Oleh karena itu, siapa yang ingin Allah membukakan pintu-pintu ilmu, hendaklah ia menjaga diri dari segala bentuk kemaksiatan, baik yang tampak maupun yang tersembunyi. Sebab, kemaksiatan mengeraskan hati, menggelapkan jiwa, dan menghalangi datangnya keberkahan ilmu.

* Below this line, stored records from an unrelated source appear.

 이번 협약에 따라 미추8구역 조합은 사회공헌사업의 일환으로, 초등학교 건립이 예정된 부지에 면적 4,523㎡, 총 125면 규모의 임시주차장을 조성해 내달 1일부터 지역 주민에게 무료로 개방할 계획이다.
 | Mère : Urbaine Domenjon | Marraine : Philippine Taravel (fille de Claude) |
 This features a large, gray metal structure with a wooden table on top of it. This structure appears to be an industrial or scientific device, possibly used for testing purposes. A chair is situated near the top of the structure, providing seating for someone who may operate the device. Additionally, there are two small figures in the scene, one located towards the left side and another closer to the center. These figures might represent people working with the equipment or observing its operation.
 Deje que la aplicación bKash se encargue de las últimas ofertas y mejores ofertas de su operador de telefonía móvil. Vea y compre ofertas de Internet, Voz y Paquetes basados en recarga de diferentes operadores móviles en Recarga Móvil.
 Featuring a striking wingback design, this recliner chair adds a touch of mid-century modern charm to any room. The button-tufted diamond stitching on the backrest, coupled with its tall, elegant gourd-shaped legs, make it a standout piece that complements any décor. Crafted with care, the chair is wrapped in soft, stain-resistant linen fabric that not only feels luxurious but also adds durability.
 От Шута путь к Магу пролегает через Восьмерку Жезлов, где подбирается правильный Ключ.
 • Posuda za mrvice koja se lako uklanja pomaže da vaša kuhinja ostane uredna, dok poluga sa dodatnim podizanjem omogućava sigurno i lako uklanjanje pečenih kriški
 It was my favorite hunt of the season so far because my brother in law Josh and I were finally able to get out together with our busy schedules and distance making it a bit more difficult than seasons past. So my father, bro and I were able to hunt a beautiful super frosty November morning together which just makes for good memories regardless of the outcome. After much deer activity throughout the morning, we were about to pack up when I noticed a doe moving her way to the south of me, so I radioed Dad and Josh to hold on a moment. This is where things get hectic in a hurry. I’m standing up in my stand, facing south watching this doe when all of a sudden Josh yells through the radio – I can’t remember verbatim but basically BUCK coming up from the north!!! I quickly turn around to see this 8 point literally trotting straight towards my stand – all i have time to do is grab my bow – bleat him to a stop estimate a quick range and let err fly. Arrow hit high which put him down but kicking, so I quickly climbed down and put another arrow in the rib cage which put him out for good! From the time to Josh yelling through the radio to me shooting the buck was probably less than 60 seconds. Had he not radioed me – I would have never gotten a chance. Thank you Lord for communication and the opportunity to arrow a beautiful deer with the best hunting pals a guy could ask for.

Imam Asy-Syafi'i رحمه الله pernah mengadu kepada gurunya, Waki', tentang buruknya hafalan, lalu beliau dinasihati:
«شَكَوْتُ إِلَى وَكِيعٍ سُوءَ حِفْظِي
فَأَرْشَدَنِي إِلَى تَرْكِ الْمَعَاصِي
وَأَخْبَرَنِي بِأَنَّ الْعِلْمَ نُورٌ
وَنُورُ اللَّهِ لَا يُؤْتَاهُ عَاصِي»
"Aku mengadu kepada Waki' tentang buruknya hafalanku. Maka beliau membimbingku agar meninggalkan maksiat. Beliau berkata kepadaku bahwa ilmu adalah cahaya, dan cahaya Allah tidak diberikan kepada orang yang bermaksiat."
Semoga Allah menghiasi hati kita dengan cahaya ilmu yang bermanfaat, memberikan taufik untuk menjauhi segala bentuk maksiat, dan menjadikan kita termasuk hamba-hamba-Nya yang istiqamah di atas ketaatan. Āmīn.